Hanging by a Golden Thread

Jill Letten (AiR)


January 5 – February 16, 2024
Opening Reception: Friday, January 12, 7–10 PM

Image Credit: Jill Letten, ‘Hanging by a Golden Thread’, 2023, Acrylic on textile, Courtesy of the artist.

Hanging by a Golden Thread

Hanging by a Golden Thread is an experimentation of textiles utilizing recycled materials and clothing, repurposing them into tangled yet intentional tapestries that explore the interconnections of the textile waste industry, overconsumption, and capitalism. The synthetic material composing much of the fabric used has been assembled using slow fashion techniques such as hand stitching and weaving.

Inspired by mid-century advertisements and fashion archives, the works serve as a conversation between figures and backgrounds. The artworks represent the visuals of textile waste, with textures and shapes distorting depth and space, consuming the painted figures. The chaotic patterns of the quilted and woven fabric are made to emulate the layering of fabric in how it appears in landfills, slumping together in massive heaps. The garments worn by the figures have become absorbed into the tapestry becoming insignificant to the whole of the work, leaving the figure and the collaged surface at the forefront to be confronted.

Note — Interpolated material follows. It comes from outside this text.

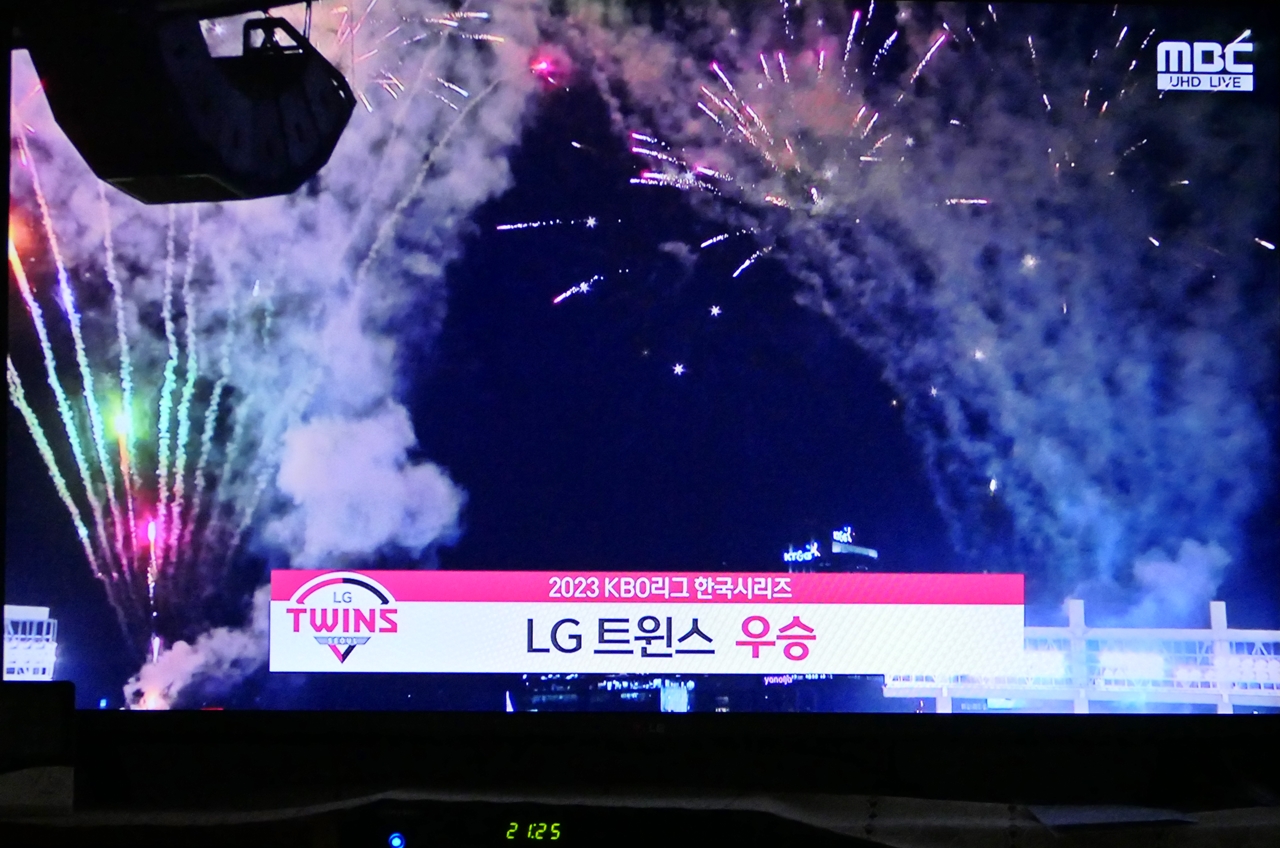 우승을 축하하는 불꽃과 환호하는 야구팬들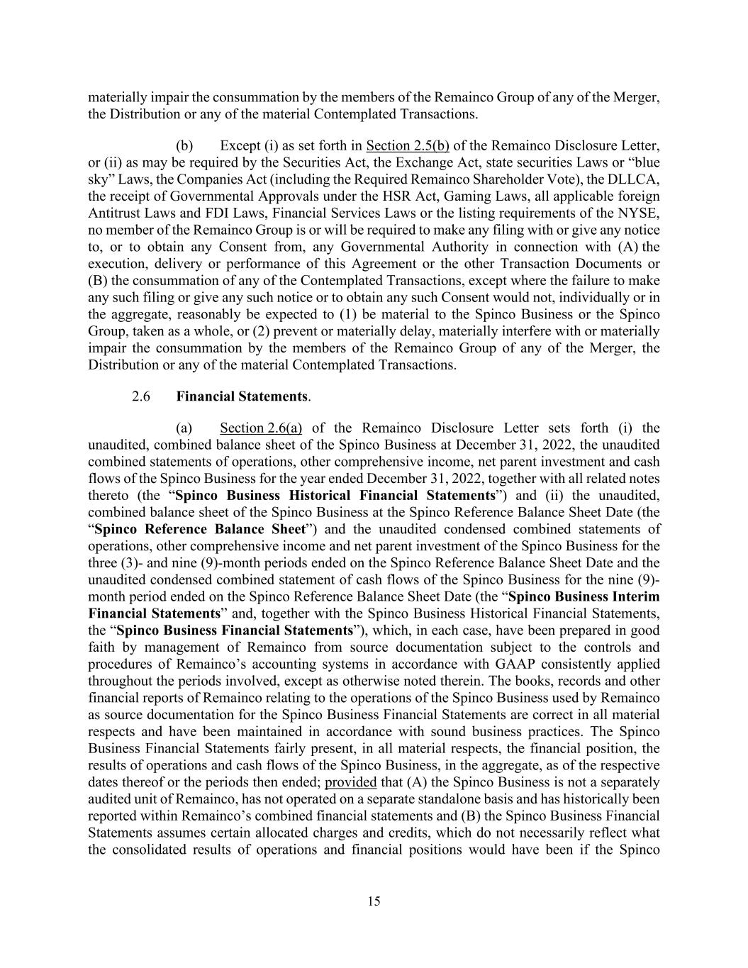 15 materially impair the consummation by the members of the Remainco Group of any of the Merger, the Distribution or any of the material Contemplated Transactions. (b) Except (i) as set forth in Section 2.5(b) of the Remainco Disclosure Letter, or (ii) as may be required by the Securities Act, the Exchange Act, state securities Laws or “blue sky” Laws, the Companies Act (including the Required Remainco Shareholder Vote), the DLLCA, the receipt of Governmental Approvals under the HSR Act, Gaming Laws, all applicable foreign Antitrust Laws and FDI Laws, Financial Services Laws or the listing requirements of the NYSE, no member of the Remainco Group is or will be required to make any filing with or give any notice to, or to obtain any Consent from, any Governmental Authority in connection with (A) the execution, delivery or performance of this Agreement or the other Transaction Documents or (B) the consummation of any of the Contemplated Transactions, except where the failure to make any such filing or give any such notice or to obtain any such Consent would not, individually or in the aggregate, reasonably be expected to (1) be material to the Spinco Business or the Spinco Group, taken as a whole, or (2) prevent or materially delay, materially interfere with or materially impair the consummation by the members of the Remainco Group of any of the Merger, the Distribution or any of the material Contemplated Transactions. 2.6 Financial Statements. (a) Section 2.6(a) of the Remainco Disclosure Letter sets forth (i) the unaudited, combined balance sheet of the Spinco Business at December 31, 2022, the unaudited combined statements of operations, other comprehensive income, net parent investment and cash flows of the Spinco Business for the year ended December 31, 2022, together with all related notes thereto (the “Spinco Business Historical Financial Statements”) and (ii) the unaudited, combined balance sheet of the Spinco Business at the Spinco Reference Balance Sheet Date (the “Spinco Reference Balance Sheet”) and the unaudited condensed combined statements of operations, other comprehensive income and net parent investment of the Spinco Business for the three (3)- and nine (9)-month periods ended on the Spinco Reference Balance Sheet Date and the unaudited condensed combined statement of cash flows of the Spinco Business for the nine (9)- month period ended on the Spinco Reference Balance Sheet Date (the “Spinco Business Interim Financial Statements” and, together with the Spinco Business Historical Financial Statements, the “Spinco Business Financial Statements”), which, in each case, have been prepared in good faith by management of Remainco from source documentation subject to the controls and procedures of Remainco’s accounting systems in accordance with GAAP consistently applied throughout the periods involved, except as otherwise noted therein. The books, records and other financial reports of Remainco relating to the operations of the Spinco Business used by Remainco as source documentation for the Spinco Business Financial Statements are correct in all material respects and have been maintained in accordance with sound business practices. The Spinco Business Financial Statements fairly present, in all material respects, the financial position, the results of operations and cash flows of the Spinco Business, in the aggregate, as of the respective dates thereof or the periods then ended; provided that (A) the Spinco Business is not a separately audited unit of Remainco, has not operated on a separate standalone basis and has historically been reported within Remainco’s combined financial statements and (B) the Spinco Business Financial Statements assumes certain allocated charges and credits, which do not necessarily reflect what the consolidated results of operations and financial positions would have been if the Spinco

The mid-twentieth century was an era marked by economic growth and idealized perfectionism through aesthetics and mass consumerist culture. This series sparked interest in the reflections that come from situating figures from distant eras as portals to past times, as mirrors to the modern. 

ABOUT THE ARTIST

Jill Letten is an artist from Hamilton, Ontario, accredited with a BFA from McMaster University’s Studio Arts program. She is a contemporary realist painter creating acrylic paintings that visualize realistic, and sometimes surrealistic, environments. The word ‘anemoia’ has become a term of interest, defined as “a nostalgic sense of longing for a past you yourself have never lived.” Pulling from mid-century aesthetics and imagery for visual inspiration, Jill is interested in examining the visuals of social euphoria and rose-tinted idealism. The process of layering visuals that call on the past to be viewed in a modern context is something that she is creatively intrigued by. Inviting viewers to examine beneath the fragments of what is visible to connect and relate to past lives through a relatable or critical lens.

Jill’s work has been shown at galleries such as the Hamilton Artist Inc., Glenhyrst Art Gallery, Paul Elia Gallery, You Me Gallery, Blue Crow Gallery, Cedar Ridge Gallery, Art Gallery of Peterborough and The Art Gallery of Hamilton. She recently completed an Artist Residency with the Art of Creation, a partnership between the Art Gallery of Hamilton and McMaster University, and is a 2023 Emerging Artist in Residence at Centre[3].